La scelta di proporre anche uno spazio esterno pavimentato in pietra grigia autoctona direttamente accessibile dalla strada, con lastre lapidee collocate nel verde di accesso, intende definire una seconda zona, ad un livello superiore del sagrato e offrire l’opportunità di creare uno spazio di sosta pubblico. Tale luogo pubblico “riprende” una delle tante semplici piazzole con panchina e veduta paesaggistica che accompagnano ritmicamente i nostri percorsi di montagna.

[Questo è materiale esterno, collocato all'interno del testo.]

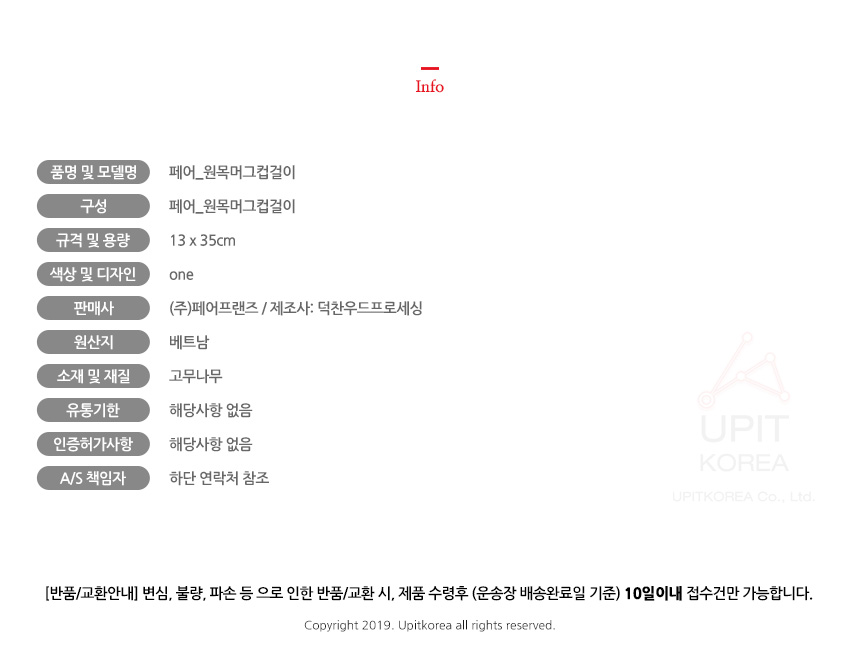 • 초기제품 이상의 경우 동일한 제품으로 1:1 교환원칙, 사용후 제품이상은 A/S를 원칙으로 합니다.

Ballatoi o terrazze dove prevale il legno, il laterizio ed il semplice intonaco di calce con finitura alquanto grezza. Il campanile è concepito come un edificio a torre con tre livelli di solai identificabili nella loro interezza provenendo da monte; il prospetto est (verso monte) è stato concepito infatti con prevalenza lignea a listoni verticali ritmati semplicemente dalla curvatura della scala interna.
Tale configurazione più marcatamente autoctona, nella sua percezione visiva provenendo da monte, è proprio accentuata dalla presenza del legno che trova continuità nei travi incrociati di copertura della cella campanaria. La percezione può essere segnata da lievi effetti luminosi interni che, al calare del sole, possono accentuare i singoli elementi formali e materici della composizione architettonica.
Due quinte in muratura a vista risolvono con essenzialità il prospetto nord e quello sud definendo, nei due prospetti rimanenti, altrettante paraste del tipo di quelle presenti nella facciata della chiesa. Il difficile problema di inserimento di un elemento nuovo in adiacenza con una chiesa di stampo classicheggiante, il tutto inserito in contesto paesaggistico montano è risolto con estrema essenzialità e semplicità: sono “ripresi” alcuni segni che caratterizzano l’impianto esterno della chiesa componendoli in un insieme dinamico, tipico delle vedute in movimento, che si trasforma in base a ciò che si vede in termini paesaggistici; il tutto concluso dalla copertura lignea che raccorda i due prospetti.